ProForma Support in OpenMS
This module in OpenMS provides support for handling ProForma strings that represent modifications in peptide and protein sequences. The ProForma notation allows for precise representation of modifications, such as mass shifts, post-translational modifications (PTMs), and terminal modifications on amino acids.
What is ProForma? ProForma is a standardized way to represent peptide modifications, including mass shifts and complex modifications, using string notation. This format is essential for handling modified sequences in proteomics pipelines.
This project implements parsing, validation, and handling of ProForma strings in OpenMS, enabling seamless integration of ProForma-modified sequences with the OpenMS platform.
Key Features
Parsing of ProForma strings into amino acid sequences with modifications.
Support for various modification types: Standard modifications (e.g., Phospho, Acetyl)

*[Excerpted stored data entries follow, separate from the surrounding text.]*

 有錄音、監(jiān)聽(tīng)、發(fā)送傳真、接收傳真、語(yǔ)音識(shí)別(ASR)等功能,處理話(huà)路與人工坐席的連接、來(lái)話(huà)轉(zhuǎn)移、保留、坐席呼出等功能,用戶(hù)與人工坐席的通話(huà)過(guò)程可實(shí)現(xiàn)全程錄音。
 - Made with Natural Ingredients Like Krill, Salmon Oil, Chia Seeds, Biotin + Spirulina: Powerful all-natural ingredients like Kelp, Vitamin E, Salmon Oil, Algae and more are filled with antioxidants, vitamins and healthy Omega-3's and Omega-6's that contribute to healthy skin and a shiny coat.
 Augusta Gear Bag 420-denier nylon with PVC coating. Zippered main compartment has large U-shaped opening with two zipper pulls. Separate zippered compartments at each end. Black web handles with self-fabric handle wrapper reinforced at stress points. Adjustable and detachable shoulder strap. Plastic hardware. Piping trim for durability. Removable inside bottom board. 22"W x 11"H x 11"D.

Controlled vocabulary (CV) modifications (e.g., UNIMOD, MOD, RESID)
Mass shifts (e.g., +15.99)
N-terminal/C-terminal modifications
Ambiguous modifications
Reconstruction of ProForma strings from amino acid sequences with modifications for output or further use.
Modification validation: Ensures that all modifications are supported by OpenMS's ModificationsDB.
Supported Modifications
The following types of modifications are supported:
UNIMOD: Unified Modifications
MOD: PSI-MOD controlled vocabulary
RESID: Residue modifications
Standard Modifications: Common modifications such as Phospho, Acetyl, etc.
If a modification is not supported, the ProForma class will raise an exception and provide feedback to the user.
Unit Testing
Unit tests are provided to ensure the functionality of the ProForma class. Key tests include:
Basic Modifications: Parsing and validating simple modifications like Phospho, Acetyl.
CV Modifications: Testing modifications from controlled vocabularies such as UNIMOD, MOD, and RESID.
Mass Shifts: Verifying the parsing of mass shift modifications like +15.99.
Validation: Ensuring unsupported modifications are caught.